O no tan pequeña, a fin de cuentas…

Miró la pantalla, frunciendo el entrecejo. De entonces databan más o menos los primeros paquetes raros en el buzón, y los primeros dibujos estrafalarios en la puerta.

Cerró el índice de artículos y abrió el software de gestión de información de Bill para consultar las notas que siempre tenía preparadas para futuros artículos. Lo que buscaba estaba en las últimas entradas.

Concentrarse en la Ville. Continúa en el siguiente artículo. ¿SON REALMENTE SACRIFICIOS DE ANIMALES? Se tiene que DEMOSTRAR, no acusar.
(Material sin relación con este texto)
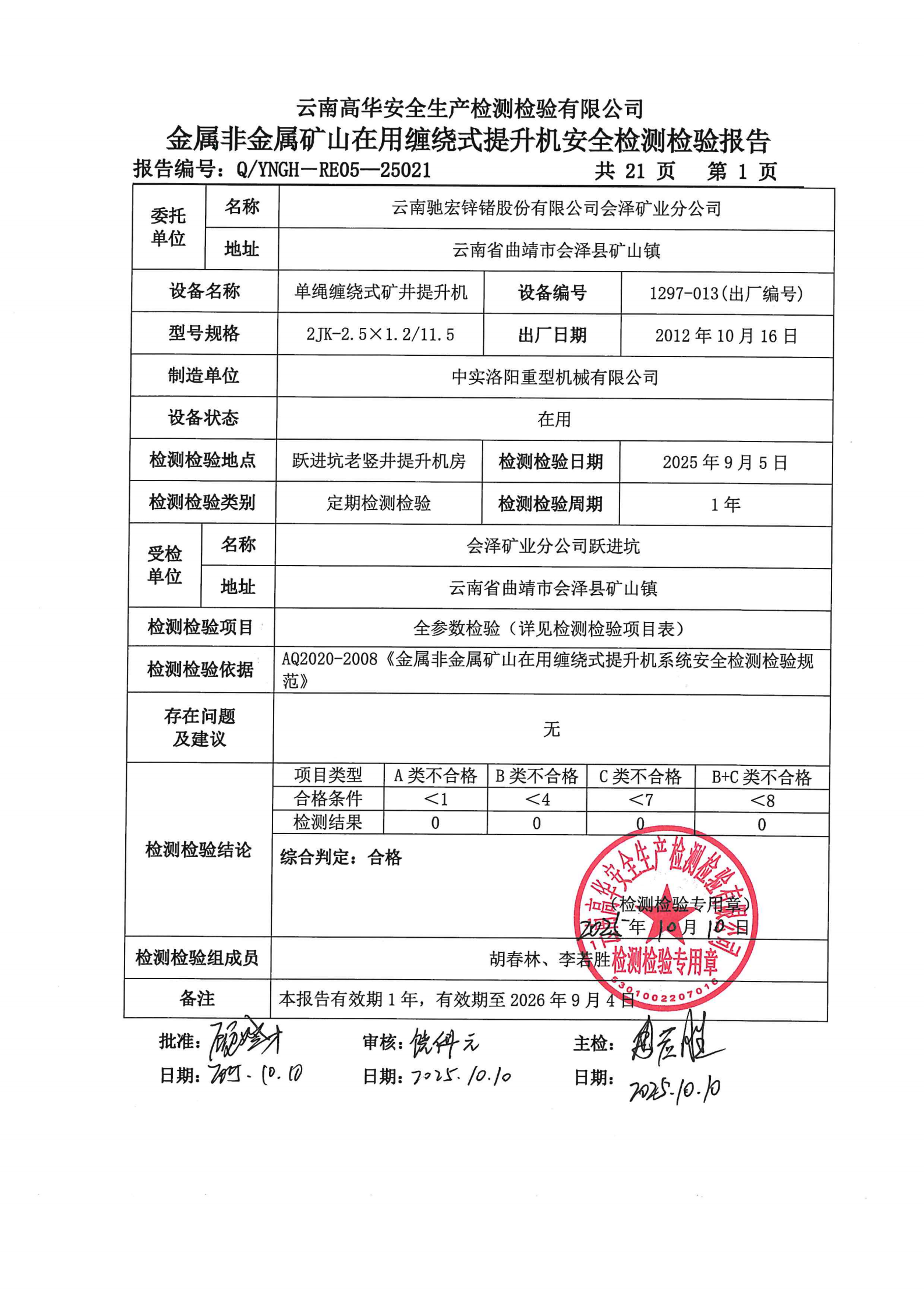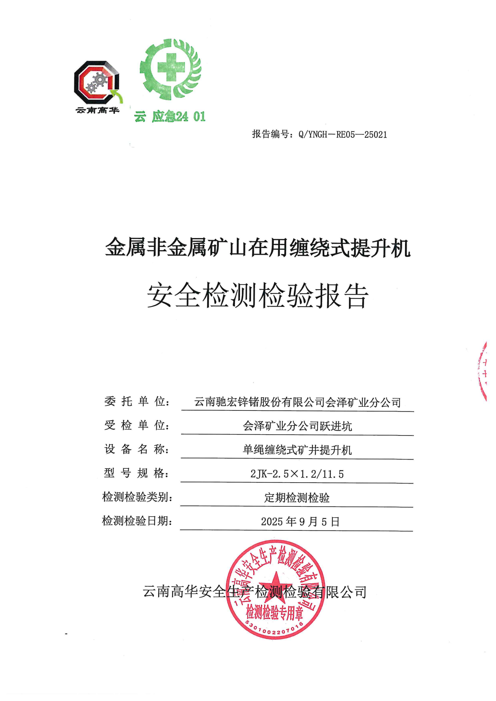 金属非金属矿山在用缠绕式提升机安全检测检验报告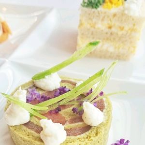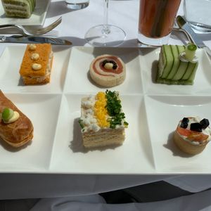 メイン料理まで付くランチを兼ねたアフタヌーンティーです。1人だとスパークリングワインは2杯半までみたいですが、3杯サービスしてくれました。アミューズはカボチャのスプーマの中にコロッケが入った物、サンドイッチプレートはフォアグラやキャビアを使った物やトマトのコンソメスープ等どれも可愛くて美味しかったです。メインは2種類から選択出来、この日はホタテかチキンで、ホタテを選びましたが綺麗な盛り付けでポワレの状態も良く満足。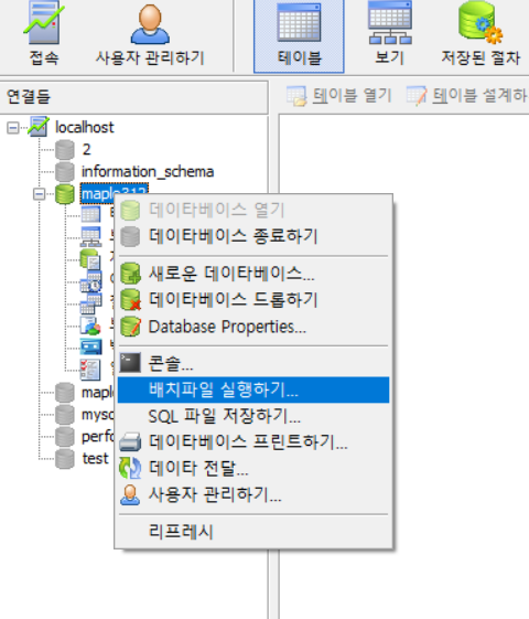 나비캣 카테고리 없음2020. 7. 9. 19:59 패스워드 root 입력 후 확인. (시험연결 해봐도 됨) 새로운 데이터베이스 만들기 데이터베이스명은 대충 maple316 치고 문자 셋을 EUC-KR로 설정 후 확인. 방금 만든 maple316... 왜 312지 암튼 따블클릭하면 초록색 불 들어옴 초록색 불 들어오면 마우스 우클릭하고 [배치파일 실행하기] 누르기. 아까 썼던 sql 파일을 불러와서 시작. 끝나면 종료 눌러주기. 공유하기 게시글 관리 Skin Test for Tistory Users 저작자표시 (새창열림)

Consultar archivos de la policía. VERLO personalmente.

Redactar entrevista a Pizzetti. ¿Se han quejado más vecinos? ¿Programar segunda entrevista con Esteban, el de derechos de los animales? Capítulo local de PETA, etc.

¿De dónde sacan los animales?

¿Qué historia tiene la Ville? ¿Quiénes son? Consultar archivo del Times para antecedentes / historia de la Ville. Un poco de color: rumores sobre zombis / sectas / etc.

¿Posible título de artículo: «Vilezas de la Ville»? No, qué va, lo vetaría el Times.

* Primer aniversario - ¡¡¡no olvidarse de reservar en el Café des Artistes + entradas de El hombre que vino a cenar para el fin de semana!!!

La última entrada era tan inesperada, tan fuera de contexto en relación con las demás, que Nora, tomada por sorpresa, sintió brotar lágrimas ardientes en sus ojos. Cerró inmediatamente el programa y se levantó de la mesa.

Dio una vuelta por la sala de estar y miró su reloj: las cuatro y cuarto. Podía coger el metro en la esquina de la calle Noventa y seis y Central Park West, y estar en Inwood en cuarenta minutos. Abrió otro programa en el ordenador, escribió algo, examinó la pantalla y mandó un documento a la impresora. Después fue al dormitorio con paso decidido y recogió su bolso del suelo. Tras un último vistazo, salió del piso.

Un cuarto de hora antes se sentía sin rumbo, a la deriva. Ahora, de pronto, toda ella era avasalladora determinación.